渋谷・スペイン坂上のミニシアター「シネマライズ」(渋谷区宇田川町、TEL 03-3464-0051)は今春から、パルコ(本部=神泉町)エンタテインメント事業部に上映作品の番組編成を業務委託する。
1986(昭和61)年にオープンした同館は、ミニシアターの先駆け的存在として、「ムトゥ 踊るマハラジャ」(1998年、K・S・ラヴィクマール監督)、「アメリ」(2001年、ジャン=ピエール・ジュネ監督)などのヒット作を送り出してきた。開館当初、地下1階(220席)と2階(303席)の2スクリーンを展開し、2004年にデジタル上映劇場「ライズX(エックス)」(40席)を地下2階にオープン。昨年6月には、地下1階のスクリーンと「ライズエックス」での上映を終了し、現在は1スクリーンのみで営業している。

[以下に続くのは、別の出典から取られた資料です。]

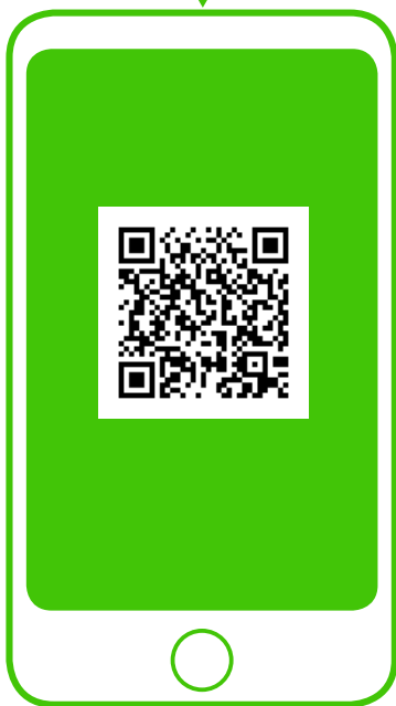
※新型コロナウイルス対策パーソナルサポート (行政) QRコードから登録

配給会社の倒産が相次いでいることから作品の供給が減り「作品選択の幅が狭まってきている」ことや、2次使用がメジャーになり収益が減少していることなどを受け、渋谷パルコ・パート3の「シネクイント」の運営を手掛ける同部に番組編成を委託し、一本化するに至った。毛色の異なる作品を扱う互いの情報をすり合わせることで、「作品の選択肢も増え、間口も広がる」とシネマライズを運営する泰和企業の頼光裕社長。今後、パルコと連動した企画展などのプロモーションも展開していく。
「後ろ向きなことではないので、これまでやってきたことを一切やめることはない。当館が見つけてきた映画、上映したいと思った映画は上映する。当館『らしさ』があるのなら、それを残しつつ時代に合わせてしなやかに間口を広げていきたい」。広域渋谷圏のミニシアターが相次いで閉館している渋谷エリアを「盛り上げていきたい」とも。
パルコによる番組は4月より徐々に導入し、5月のゴールデンウイーク以降ごろには移行を終える予定。